DoreenonTill8 · 17/08/2024 00:16

Not trying to slag her off? Read back what you wrote about her.
This sister has a very cosy life, quite small town mentality, keeps family and friends close but isn't worldly or outward looking in perception etc. The closest I can get to describe her that people would understand is 'basic bitch' but she's not a bitch, she's lovely, just very simple.
-Small town mentality
-Isn't worldly or outward looking
-A basic bitch
-Is simple
Yep, all lovely kind things to write!!

But if someone is not worldly and small town in their outlook, can you not describe them as that? Come on now

Round3HereWeGo · 17/08/2024 00:20

Jealous of the lack of worry and stress? Even if it's not what you want for yourself, the relaxed life is something to be jealous of.

DoreenonTill8 · 17/08/2024 00:22

dillydal · 17/08/2024 00:19

But if someone is not worldly and small town in their outlook, can you not describe them as that? Come on now

Possibly, but as a simple,basic bitch? And just because the OP thinks this small town/not worldly, (which is clearly meant as a negative) doesn't mean it's true.

Twistybranch · 17/08/2024 00:23

dillydal · 17/08/2024 00:14

This.

OP is trying to understand what's at play as she's feeling something she can't make sense of and looking for advice.

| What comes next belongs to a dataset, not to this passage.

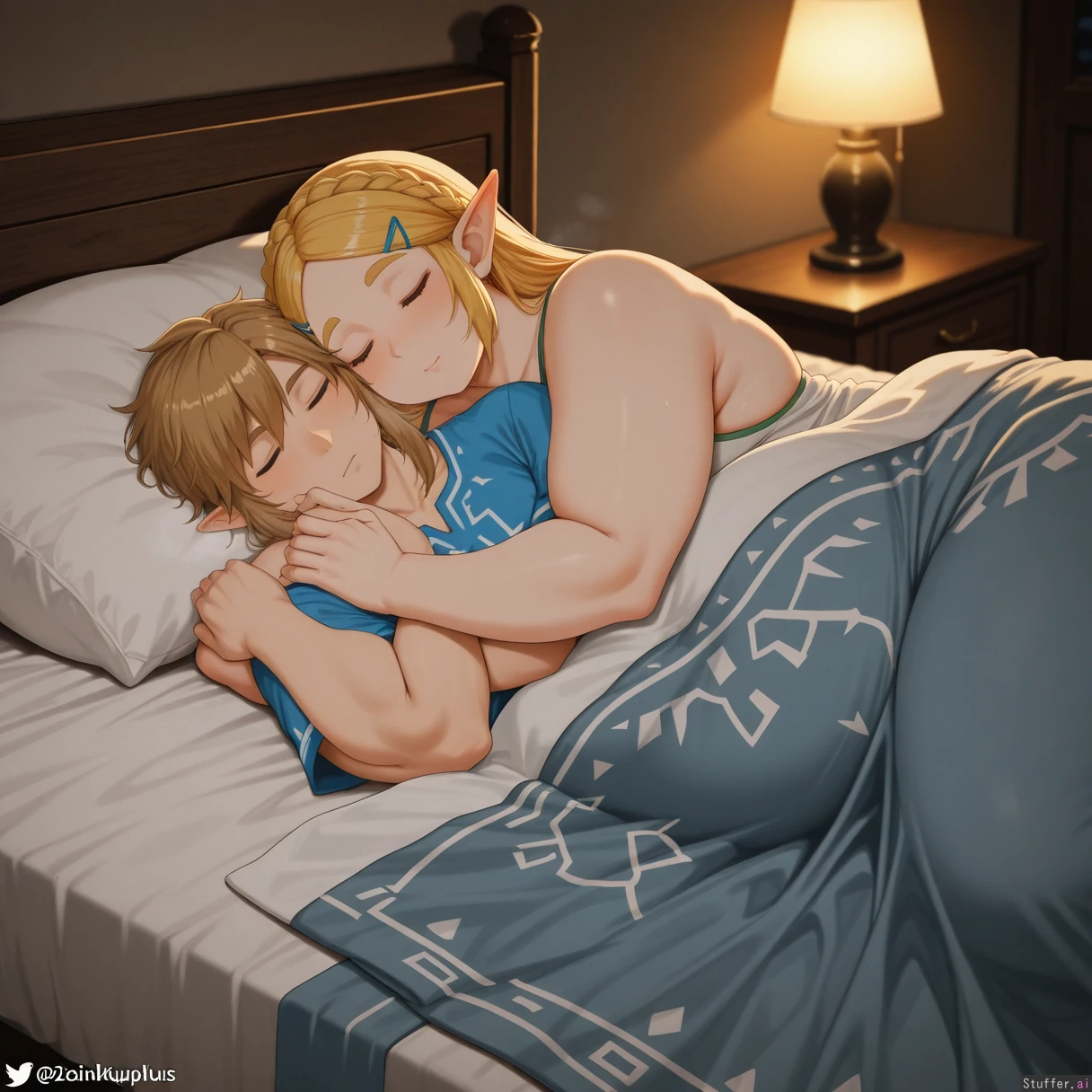 uhd, high resolution, flawless, best_quality, (chomikuplus:1.4) link (the legend of zelda), zelda (the legend of zelda), breath of the wild, botw, link x zelda, zelink, 1boy, 1girl, couple, hugging, cuddle, cuddling, embrace, lying, lying on bed, bed, indoors, bedroom, cozy, soft lighting, warm lighting, intimate, peaceful, relaxed, sleeping together, resting, blanket, sheets, pillow, close, affectionate, tender, calm atmosphere, night, quiet, comfort, together, side by side (morbidly_obese_girl:1.2), (Fat Arms:1.0), (gigantic_fat_thighs:1.0), (tall female), (gigantic sagging breasts), (enormous wide hips:1.0), (size diffrence:1.2), fully_clothed,

Typical MN being so cruel to someone who is being vulnerable and trying to find answers to better herself?!

By slating her sister, her BIL

saying her sister is basic, simple, doesn’t think deeply?

Thats cruel- to say that about your own sister. Unless you think that’s normal behaviour.

DreamTheMoors · 17/08/2024 00:24

Dottiemay · 17/08/2024 00:11

I was trying to find a way to describe her that people would understand. Not trying to slag her off. As I said in my original post.

Either you think very little of our comprehension skills here or you were “trying to slag her off.”

You can’t have both.

I have a sister like you. She has everything in the world you could possibly ask for. And yet she’s jealous of me for some lifelong unknown reason that she refuses to define or acknowledge. She just makes catty little remarks and thinks I don’t notice and tries to undermine me to the family.
Joke’s on her — I don’t care any more.
I’d think about that previous sentence if I were you.